━━━ RECORDS FOR PROCESSING ━━━
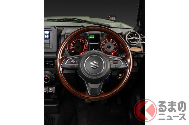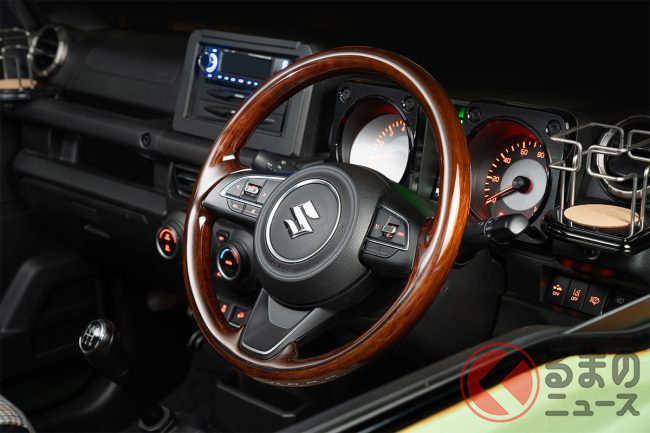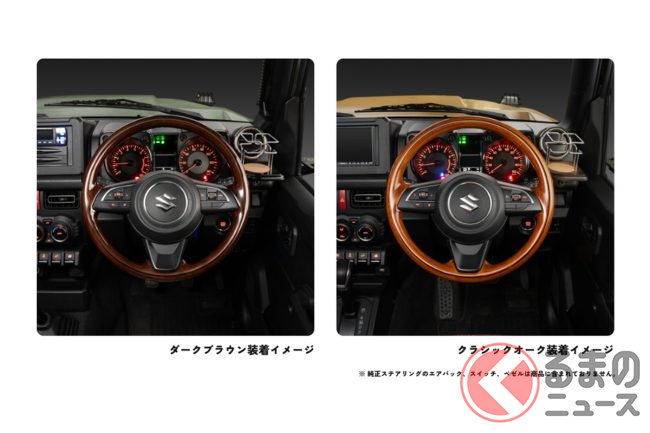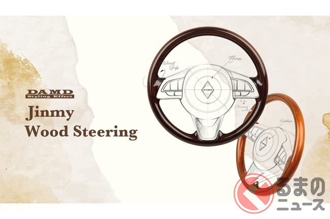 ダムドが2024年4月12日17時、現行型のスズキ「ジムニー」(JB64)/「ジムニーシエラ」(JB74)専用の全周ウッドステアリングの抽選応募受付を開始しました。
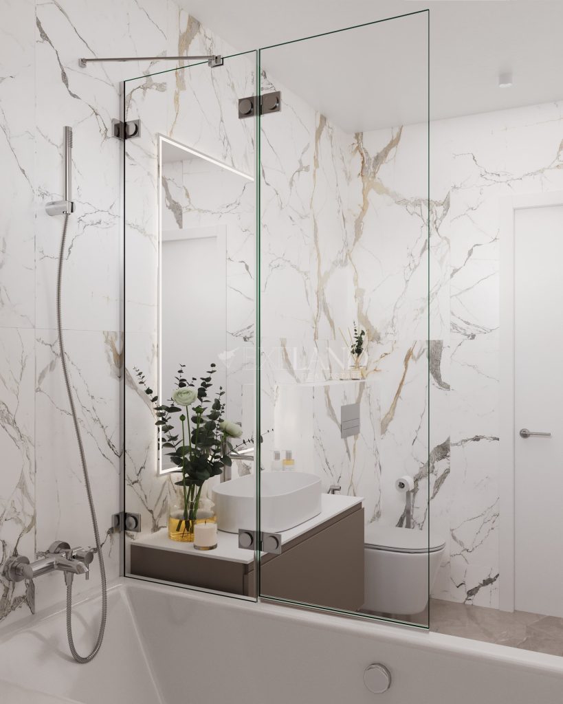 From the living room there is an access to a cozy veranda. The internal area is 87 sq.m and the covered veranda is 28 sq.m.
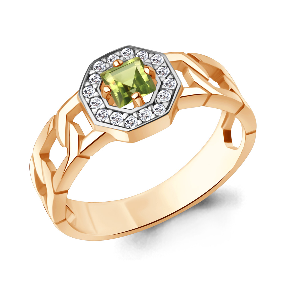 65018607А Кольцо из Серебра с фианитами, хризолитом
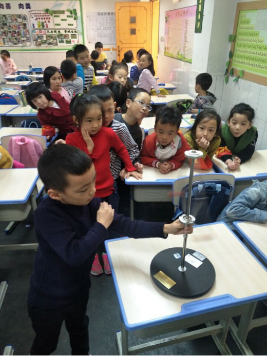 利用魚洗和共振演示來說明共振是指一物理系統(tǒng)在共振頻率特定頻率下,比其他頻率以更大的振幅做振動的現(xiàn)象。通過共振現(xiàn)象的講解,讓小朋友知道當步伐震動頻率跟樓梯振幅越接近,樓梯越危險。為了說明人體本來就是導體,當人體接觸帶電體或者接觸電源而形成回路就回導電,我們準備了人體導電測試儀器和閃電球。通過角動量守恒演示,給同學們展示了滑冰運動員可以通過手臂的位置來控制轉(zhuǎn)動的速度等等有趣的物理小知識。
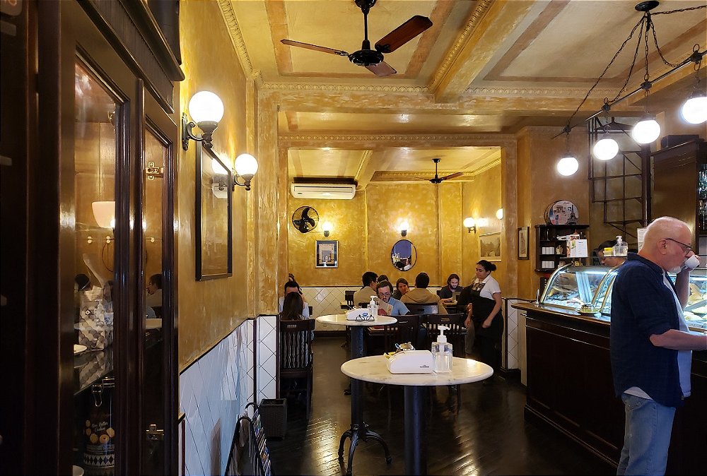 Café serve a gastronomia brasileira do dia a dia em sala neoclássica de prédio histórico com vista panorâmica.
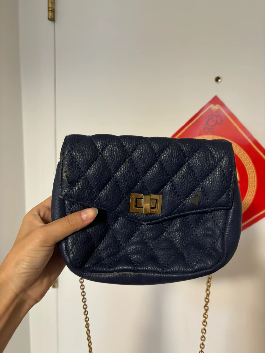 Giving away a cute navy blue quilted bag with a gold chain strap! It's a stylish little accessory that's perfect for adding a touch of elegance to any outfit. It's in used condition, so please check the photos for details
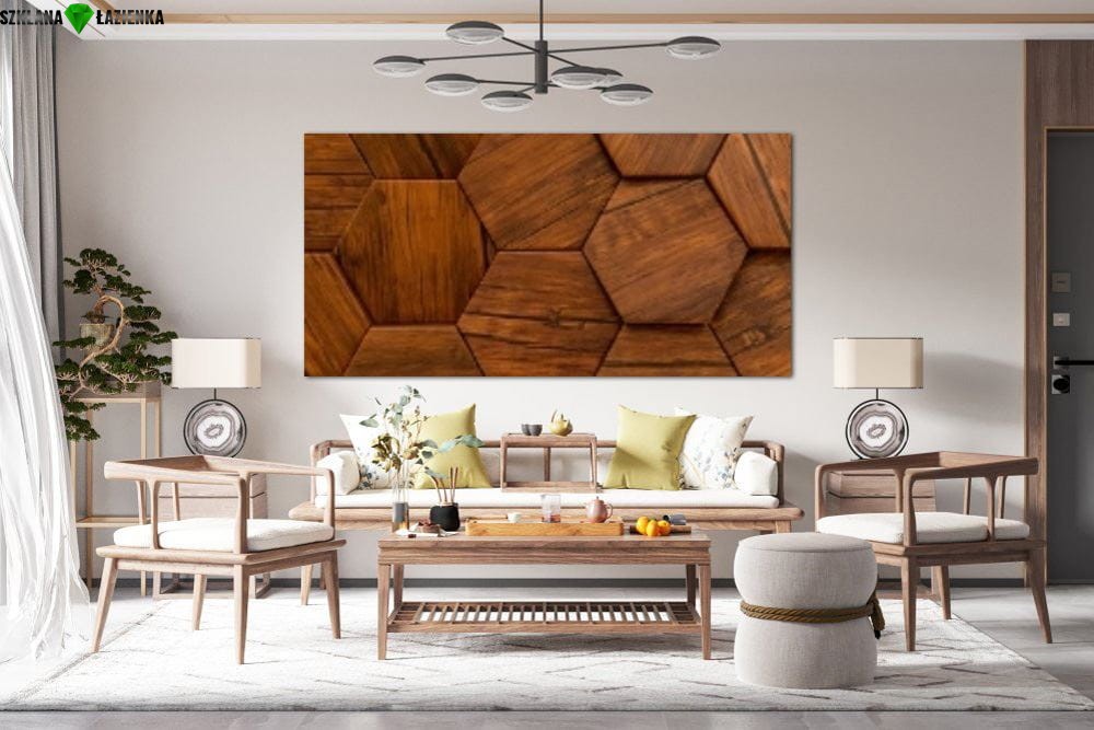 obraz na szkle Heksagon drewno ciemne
━━━
§ **PROBLEM STATEMENT**
Reproduce exactly the entries from their first line through the line containing "65018607А Кольцо из", including both, and omit any pictures.

§ **TASK OUTPUT**
 ダムドが2024年4月12日17時、現行型のスズキ「ジムニー」(JB64)/「ジムニーシエラ」(JB74)専用の全周ウッドステアリングの抽選応募受付を開始しました。
 From the living room there is an access to a cozy veranda. The internal area is 87 sq.m and the covered veranda is 28 sq.m.
 65018607А Кольцо из Серебра с фианитами, хризолитом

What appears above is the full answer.